Beyond that, the combination of hypointensity in the hepatobiliary phase with high signal intensity on DWI images could enhance the sensitivity for a correct diagnosis of small HCC lesions. In a previous analysis, hypointensity on late venous phase images with hypointensity on hepatobiliary phase images was demonstrated to enhance the diagnostic accuracy for small HCC lesions [34]. Further trials should investigate the diagnostic accuracy of the combination of DWI findings with hepatobiliary phase hypointensity.
DWI was also identified as very promising to predict MVI status [1]. A recent metaanalysis showed that MVI positive tumors had lower ADC values with a mean of 0.81 × 10-3 mm2/s (95% CI: 0.69-0.93) compared to 1.02 × 10-3 mm2/s (95% CI: 0.91-1.13) for MVI negative tumors [1]. However, this was only true for ADCmin values and not for ADCmean [1]. One novel aspect of the present study was to evaluate the diagnostic benefit of high b-value DWI for MVI prediction, with overall negative results.

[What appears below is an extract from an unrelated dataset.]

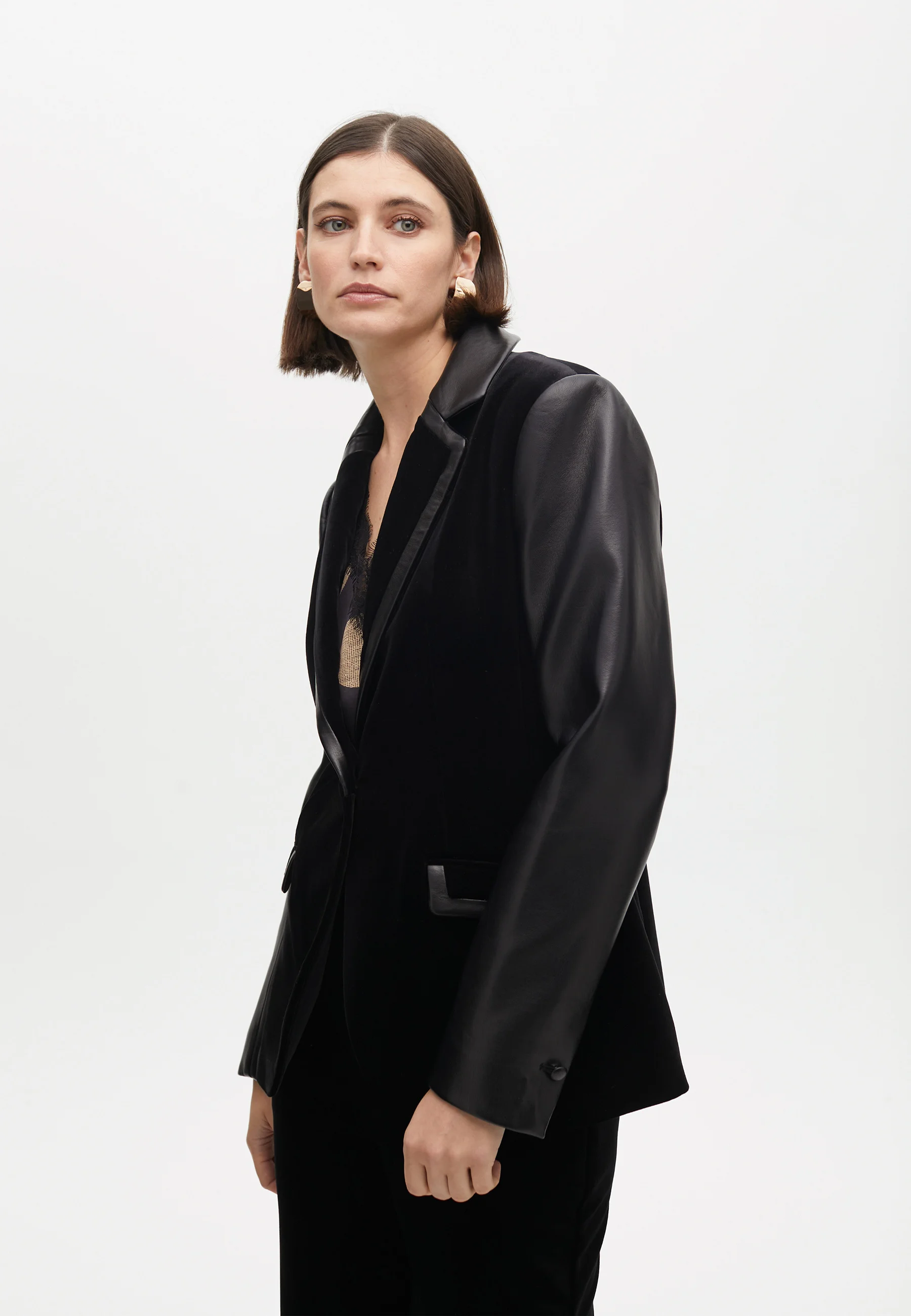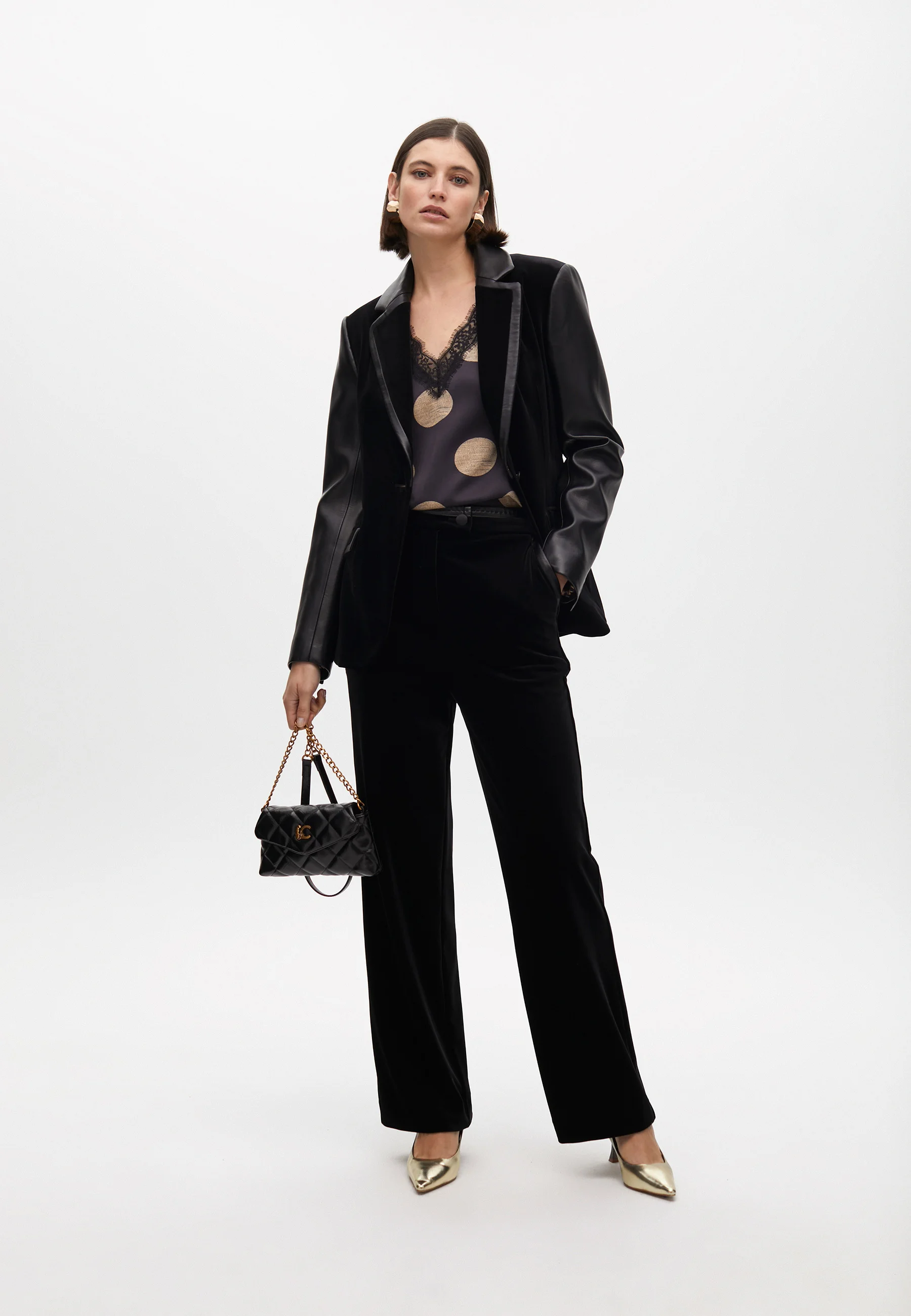 blazer de terciopelo y ecopiel de Lola Casademunt es una prenda sofisticada con carácter, ideal para destacar en looks de noche o estilismos urbanos con un toque elegante. Confeccionada en tejido de terciopelo elástico y mangas en cuero sintético, combina texturas de forma equilibrada y moderna.
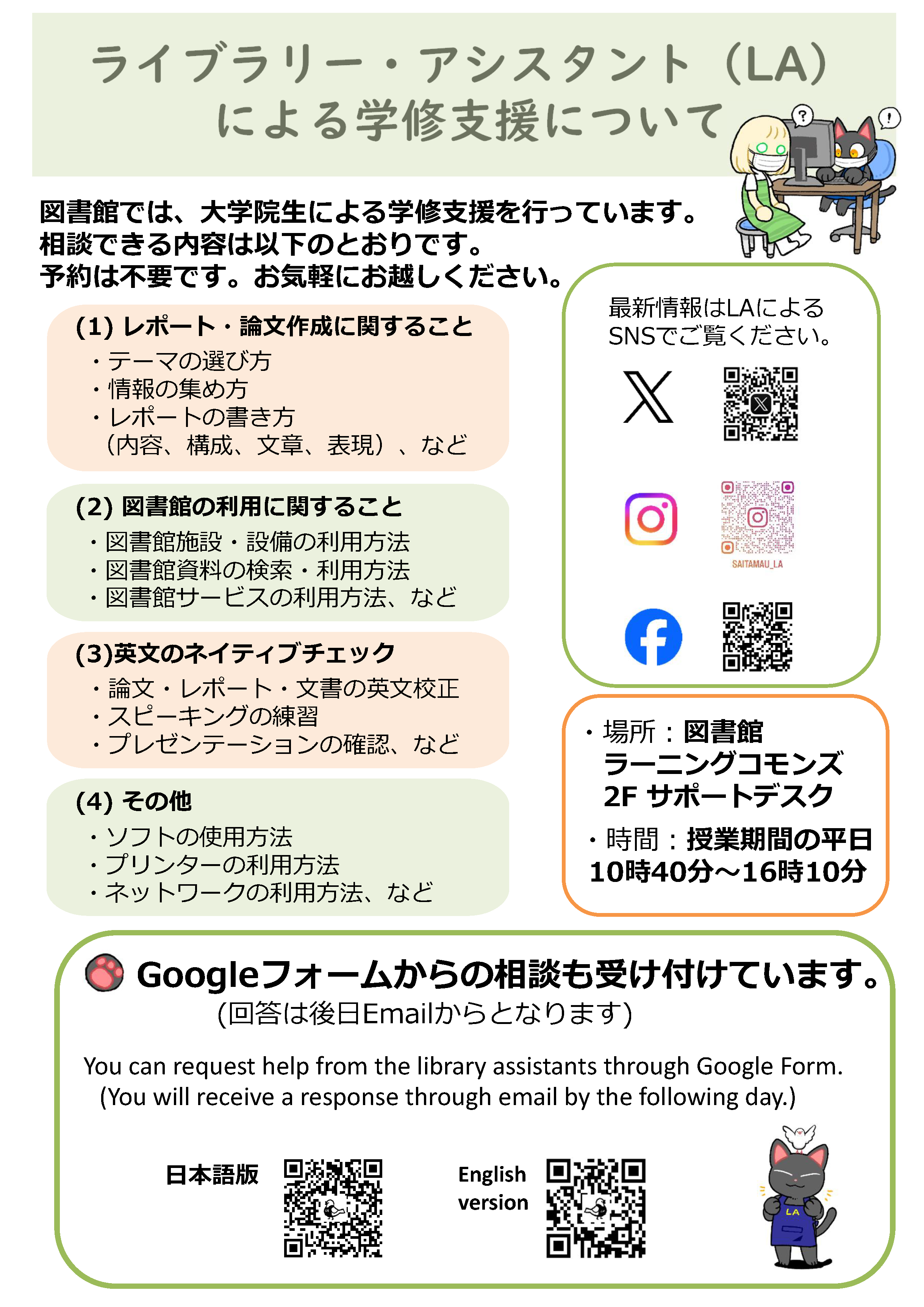 ライブラリー・アシスタントによるX (旧Twitter)ならびにFacebookInstagramもあります。

Further research is needed to increase the diagnostic accuracy of MRI images to predict MVI status in HCC patients, presumably using a combination of imaging sequences and quantification methods.
The present analysis is not free from limitations. First, it is a retrospective study prone to inherent bias. To reduce possible bias, the MRI analysis was performed blinded and independently of the histopathology results. Second, the patient sample was small due to strict inclusion criteria to ensure a short time frame between imaging and histopathologic work-up to optimize the correlation between imaging findings and MVI results. Further prospective studies with larger patient samples are needed to validate the present results and determine whether c-DWI could aid in treatment decisions. Third, we could not compare the c-DWI images with actually acquired high b-value images as the current diagnostic gold standard. That is why it is unclear whether acquired high b-value images are superior to standard DWI and c-DWI images.
In conclusion, c-DWI images with high b-values up to b = 1000 s/mm2 demonstrate comparable detectability of HCC with MVI compared to standard DWI. This technique could easily be implemented in clinical practice due to the reduced scan time.
Data and coavailability
Qualified researchers may request access to patient level data and related study documents including the clinical study report, study protocol with any amendments, blank case report form, statistical analysis plan, and dataset specifications. Patient level data will be anonymized and study documents will be redacted to protect the privacy of trial participants.